The evidence before the Court indicates that the accused persons who would have stood trial with Pato planned to target wealthy individuals and their family members, and Magara, tragically, was the first victim of this scheme. Prosecution evidence suggests that Magara was abducted in Lungujja while on her way home, and she was subsequently held captive for three weeks as the kidnappers negotiated a US$1 million ransom with her family.
After receiving US$200,000 of the ransom money (then 700 million Uganda shillings), the prosecution alleges that the kidnappers murdered Magara and disposed of her body in Kitiko. Various exhibits, such as land titles and motor vehicles, which were purchased using ransom money, have been recovered by the police. The investigation into this case has allegedly revealed that Magara overheard conversations between Hajara Nakandi’s visitors while being held captive.

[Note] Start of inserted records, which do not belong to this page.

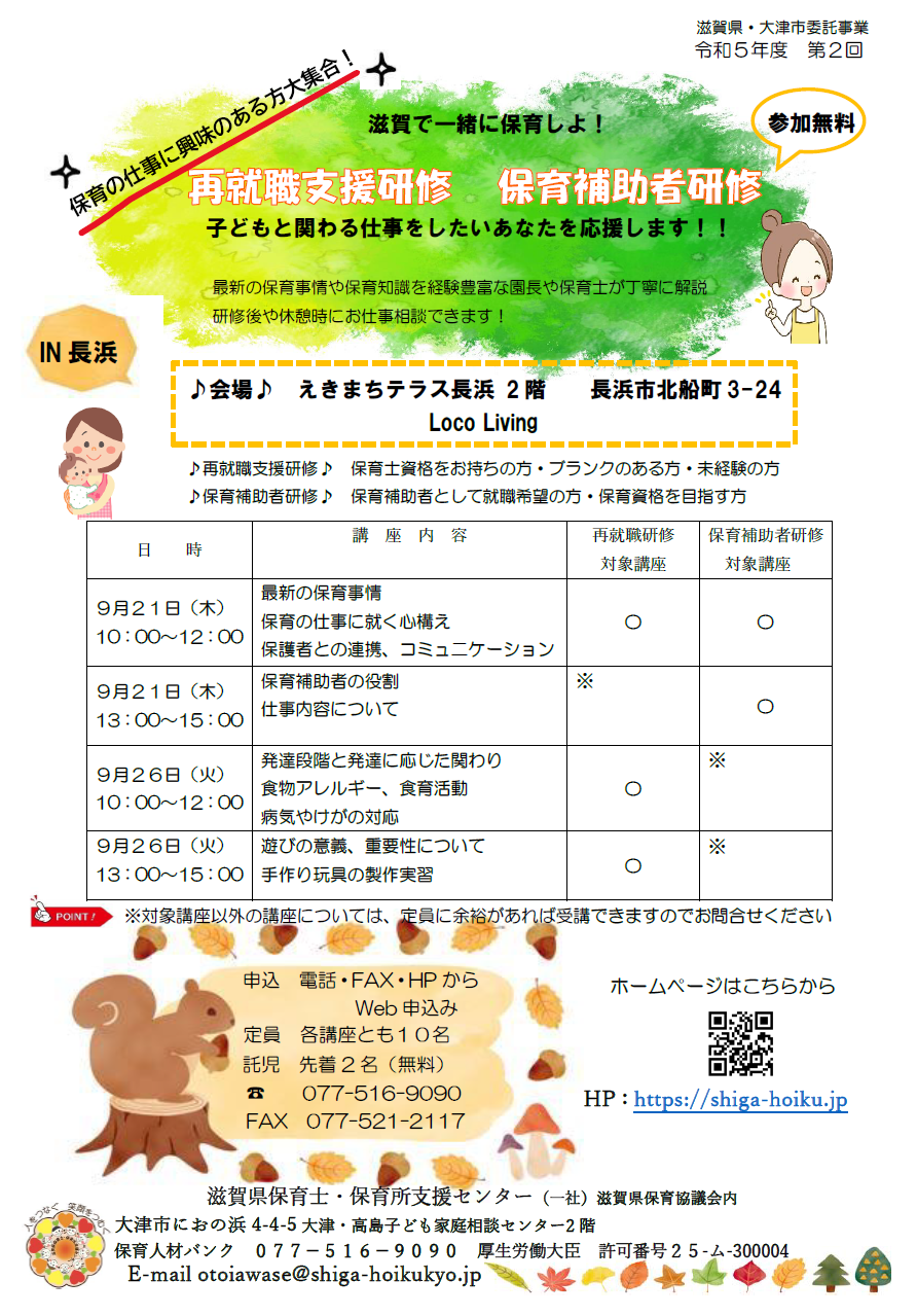 再就職支援研修・保育補助者研修のお知らせ~IN長浜~9月21日(木)・9月26日(火)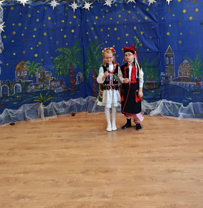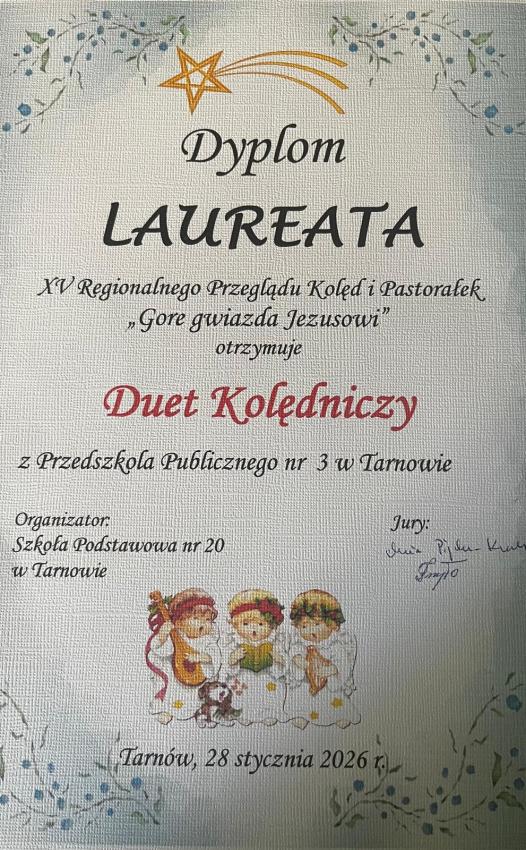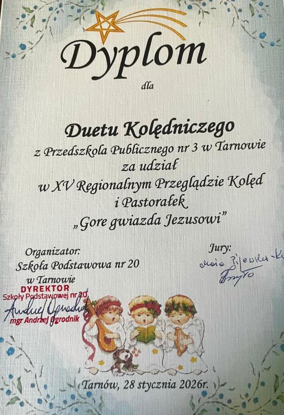 W dniu 28.01.2026 sukces naszych przedszkolaków w XV Regionalnym Konkursie Kolęd i Pastorałek " Gore gwiazda Jezusowi". Organizatorem konkursu była Szkoła Podstawowa Nr 20 z Oddziałami Sportowymi. Nasz Duet Kolędniczy w składzie Julia i Kamil zajęli I miejsce. Laureatom konkursu serdecznie gratulujemy.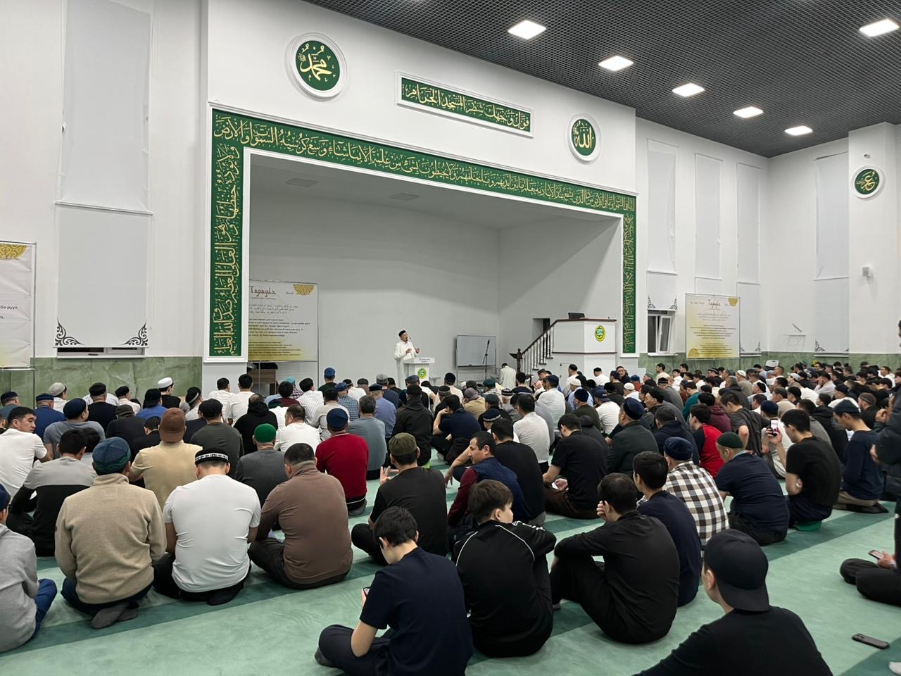 Кездесу барысында мешіттің бас имамы Құрбанбек Лашкербекұлы қасиетті Рамазан айының артықшылықтары, оразаның сауабы мен мұсылманның бұл айда жасайтын ізгі амалдары туралы насихат айтты. Сонымен қатар жамағат тарапынан қойылған сұрақтарға жауап беріп, Рамазан айына қатысты шариғи мәселелерді түсіндірді.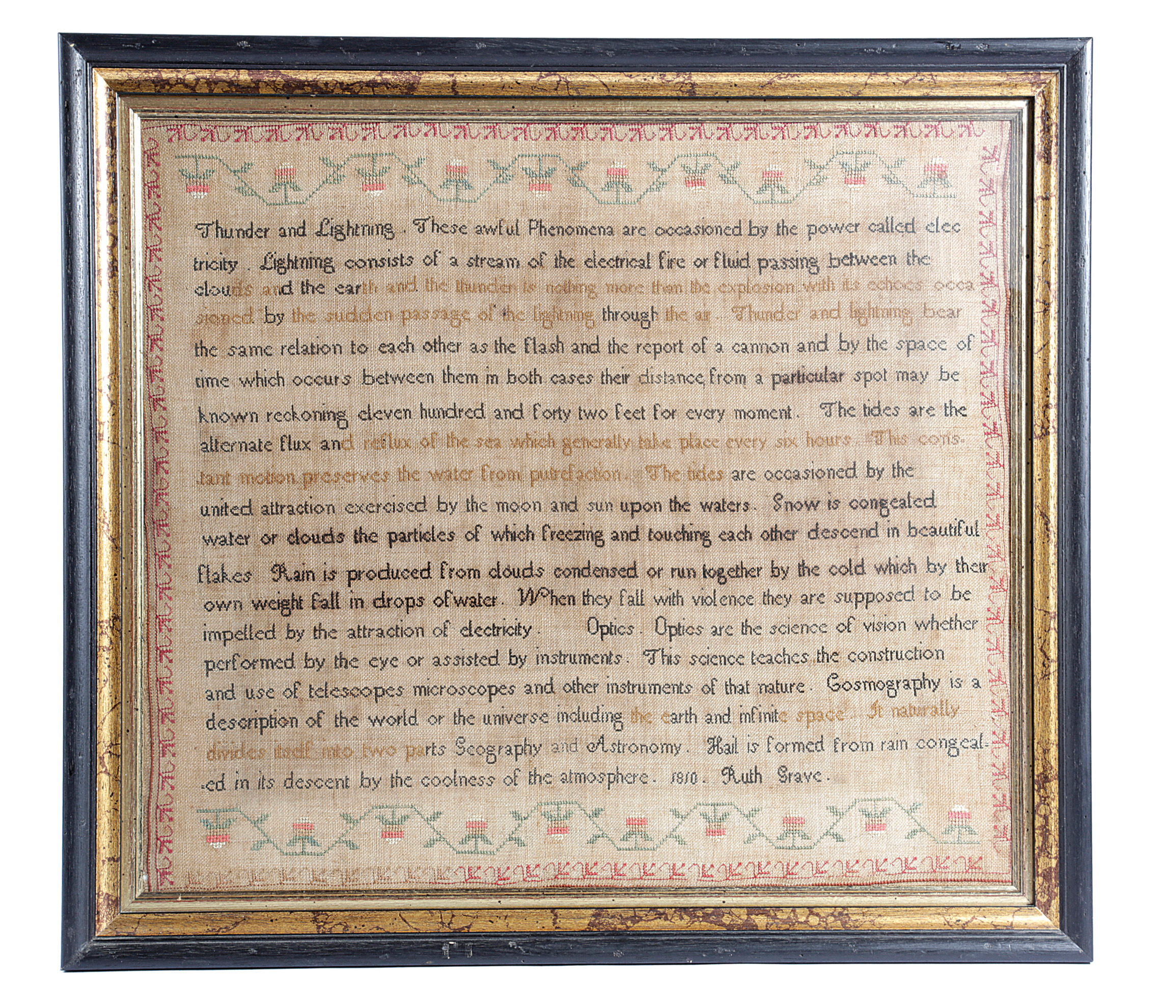 worked in cross stitch on a linen ground, with text describing descriptions and explanations of natural phenomena found in the 'English Spelling-Book' edited by William Mavor, Vicar of Hurley in Berkshire, signed and dated 'Ruth Grave 1810', in a later glazed gilt and ebonised frame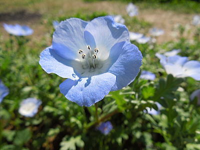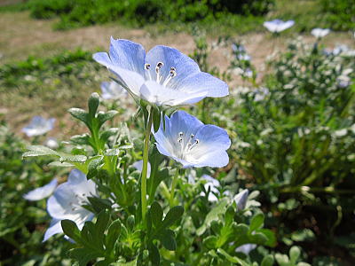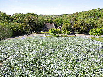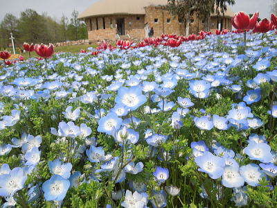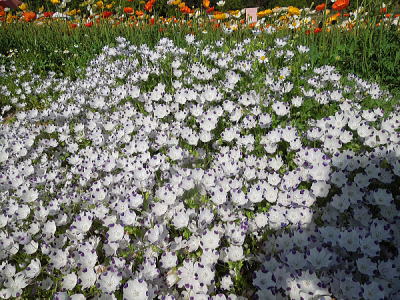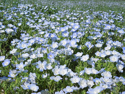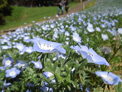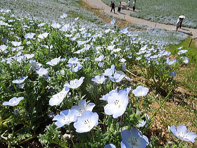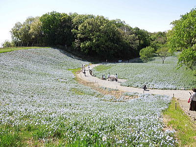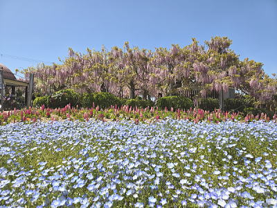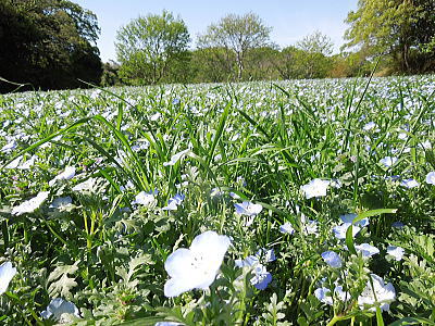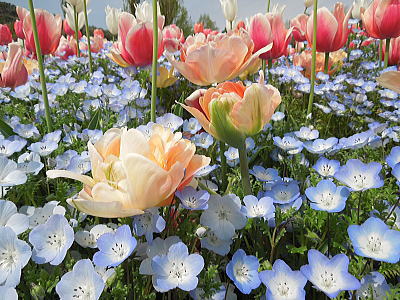 | チューリップが咲く花壇はネモフイラで埋め尽くされています |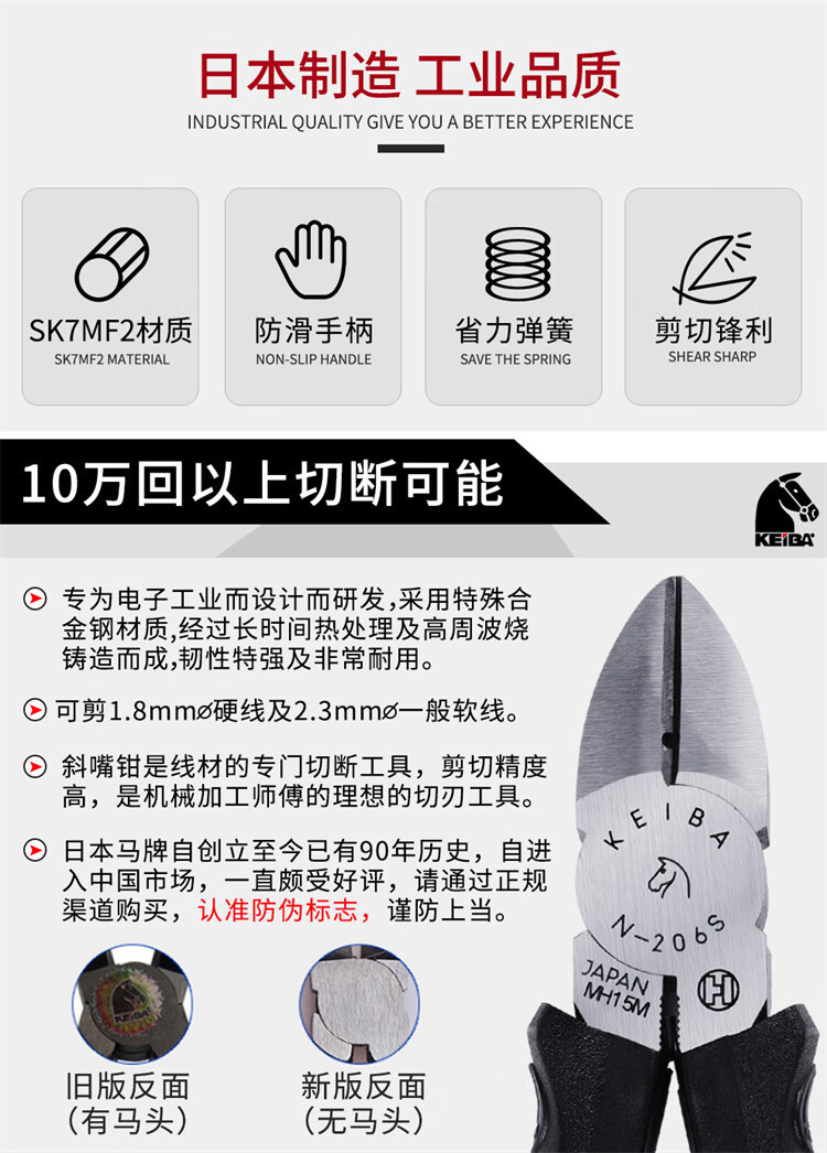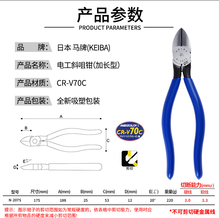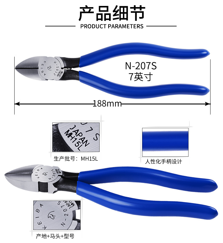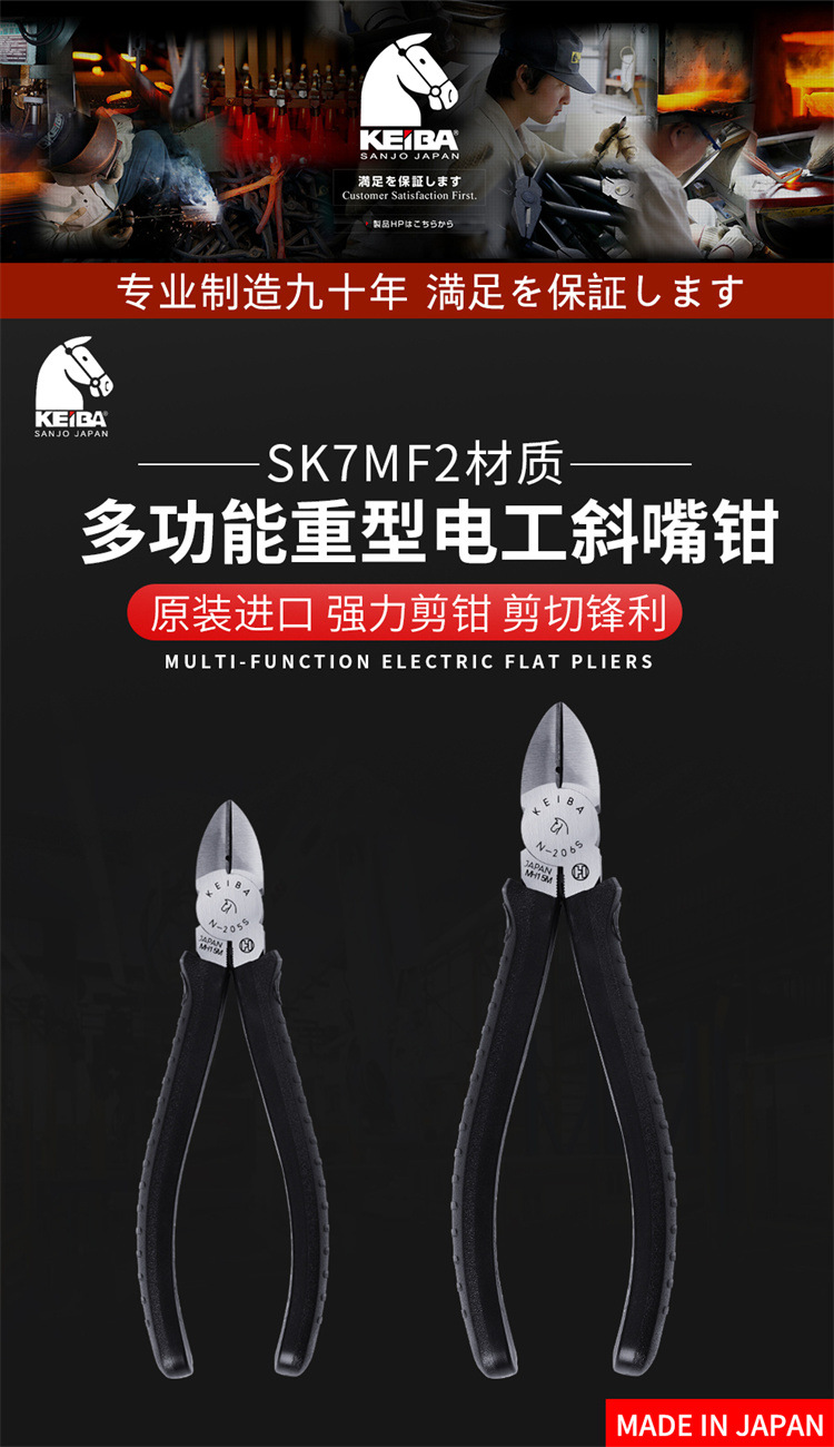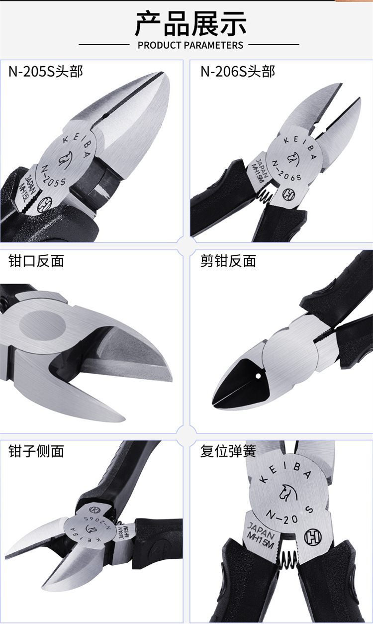 일본 수입 KEIBA 말 브랜드 5 인치 6 인치 산업 등급 N-205S 전기 경사 턱 플라이어 125mm 물 입 플라이어스토어 가기

The suspects became aware of this and held a meeting at Usafi Mosque to decide Magara’s fate. They feared that her release would lead to the identification and arrest of Nakandi and potentially expose the entire group. The group first chopped off some of Magara’s fingers and a video clip of the chopping was put on a memory card with her fingers in a parcel delivered near a certain fuel station for her relatives to watch prior to her death. Consequently, they allegedly decided to suffocate Magara with a polythene bag to prevent her from revealing their identities.
The case has now been adjourned to October 23, 2023, for the hearing to commence.